Пример 6. Метод лимитирующих разведений.

В каждую из лунок 96-луночного плоскодонного планшета добавляют по 100 мкл ростовой селективной среды (см. Пример 5). Из ячейки с клоном, вырабатывающим антитела к SURF-6, отбирают 100 мкл суспензии, переносят в крайнюю верхнюю левую ячейку и пипетируют.Из ячейки отбирают 100 мкл суспензии и добавляют к ячейке, расположенной под ней. Повторяют операцию 6 раз, в результате чего все ячейки в первом левом ряду будут содержать клетки. Затем с помощью 8-канальной пипетки производят те же операции в направлении от крайнего ряда вдоль планшета вправо. Появление клонов анализируют с помощью инвертированного микроскопа Axiovert 200, используя фазово-контрастный объектив 10×. Через 7 суток отмечают плашки, в которых присутствует только один клон.

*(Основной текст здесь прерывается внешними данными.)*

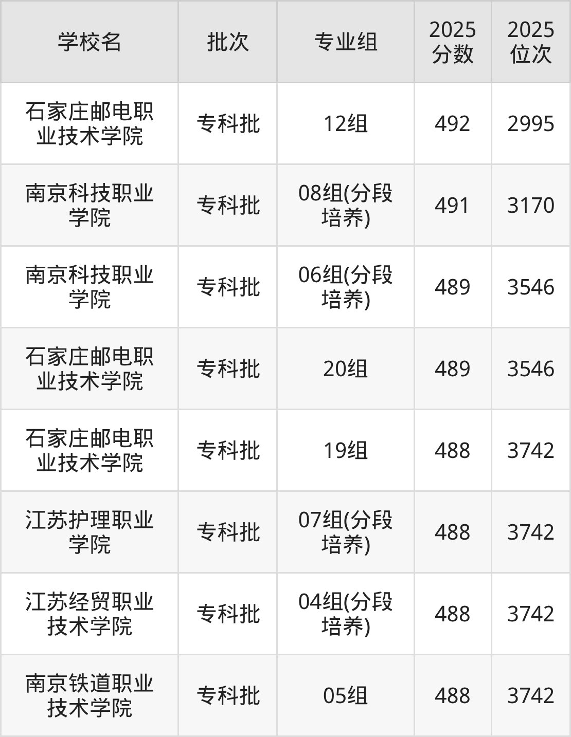 另外录取位次低于该区间(较稳妥)的有石家庄邮电职业技术学院20组(3546名)、南京科技职业学院06组(分段培养)(3546名)等;录取位次高于该区间(可冲)的有西安明德理工学院02组(174488名)、苏州大学应用技术学院03组(174488名)等。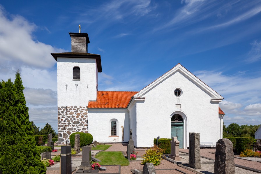 Kirken menes at være opført i første halvdel af 1100-tallet. Den bestod oprindeligt af skib og kor. Den er opført af fint tilhuggede sandsten. Tårnets planform er kvadratisk og smallere end skibets bredde. Det er usikkert, hvornår det er opført. På tårnets nordside er der et kvadratisk trappetårn med vindeltrappe. På en kvadersten er et stenhuggermærke, som svarer til en stenmester på domkirken.
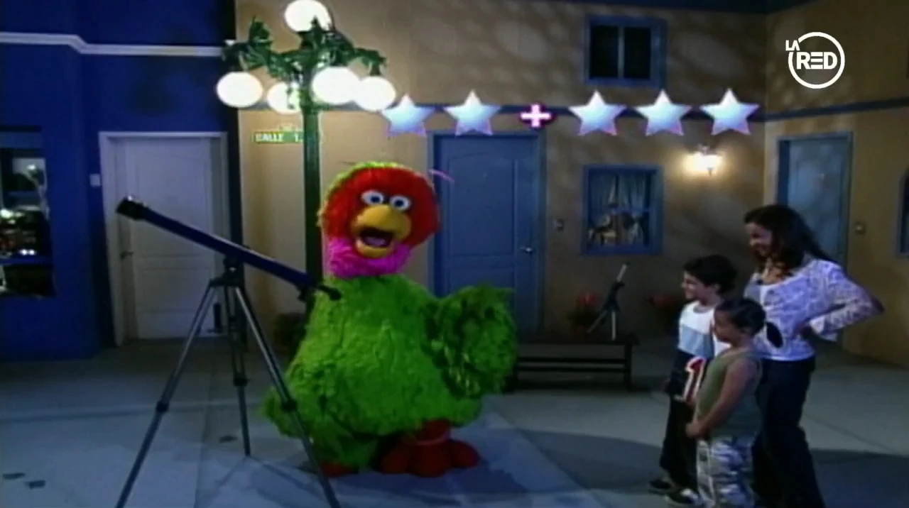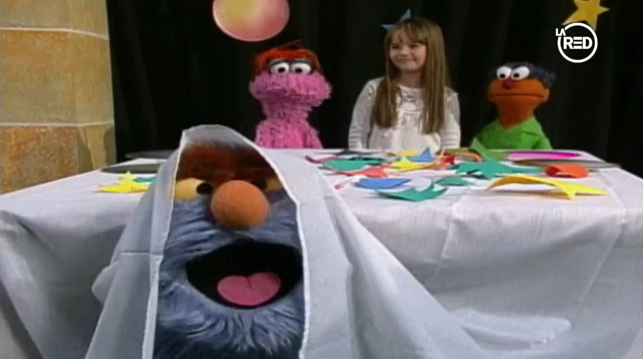 SCENE | Daniela and Lola are making a mural of outer space. Pancho appears, claiming to know a lot about space (having previously paid a visit). Suddenly, an "alien" appears behind him, frightening Pancho to beneath the table. The being takes off the mask and is revealed to be a Multimuppet boy, who wants to help out. |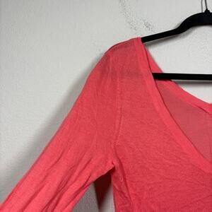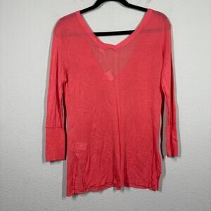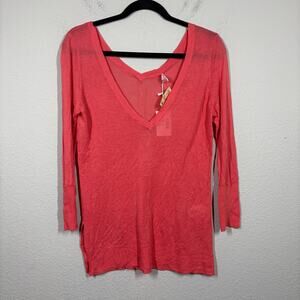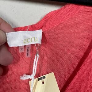 Ecru Size XS V Neck Lightweight Sweater Watermelon Red Cotton Blend Long Sleeves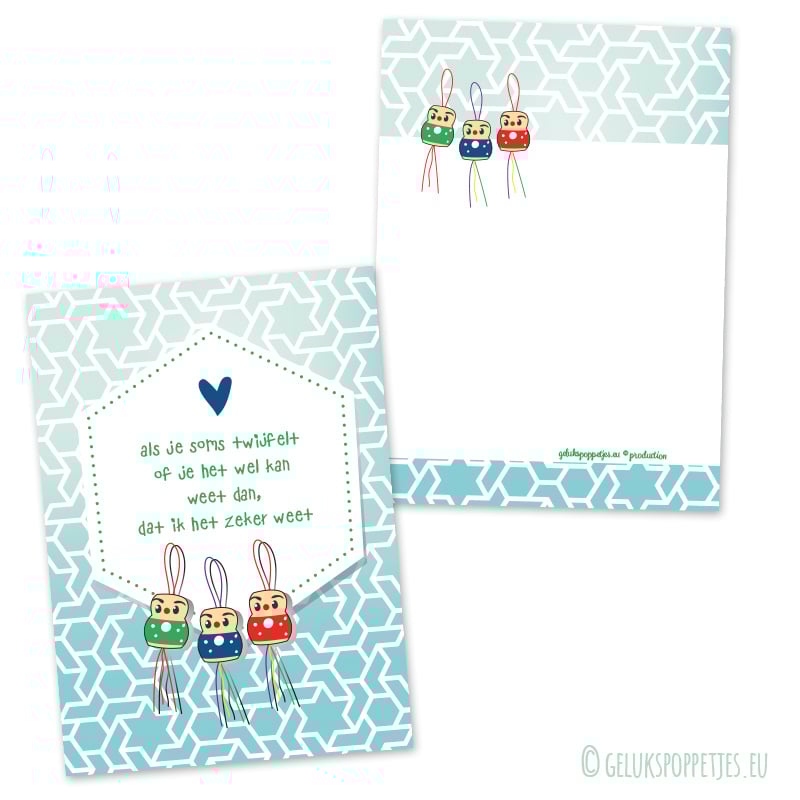 Als je soms twijfelt... gelukspoppetjes kaartje met de afbeelding van de "ouderwetse" gelukspoppetjes erop. Nog leuker om er een echt houten gelukspoppetje bij te bestellen en aan iemand te geven die wel een beetje geluk kan gebruiken.

Мышиная гибридома S79 - продуцент моноклонального антитела, специфичного к белку ядрышек SURF-6 человека, для его выявления иммуноферментным методом, а также методами иммунофлуоресценции и иммуноблотирования в клетках человека разного линейного и тканевого происхождения, и полученная путем иммунизации мышей линии Balb/c SURF-6 человека, экспрессированным в Е. coli в виде рекомбинантного белка SURF-6-глутатион-S-трансфераза, и слиянием сенсибилизированных лимфоцитов с клетками мышиной миеломы линии P3X63-Ag8.653 с помощью 50%-ного раствора полиэтиленгликоля с молекулярной массой 1450.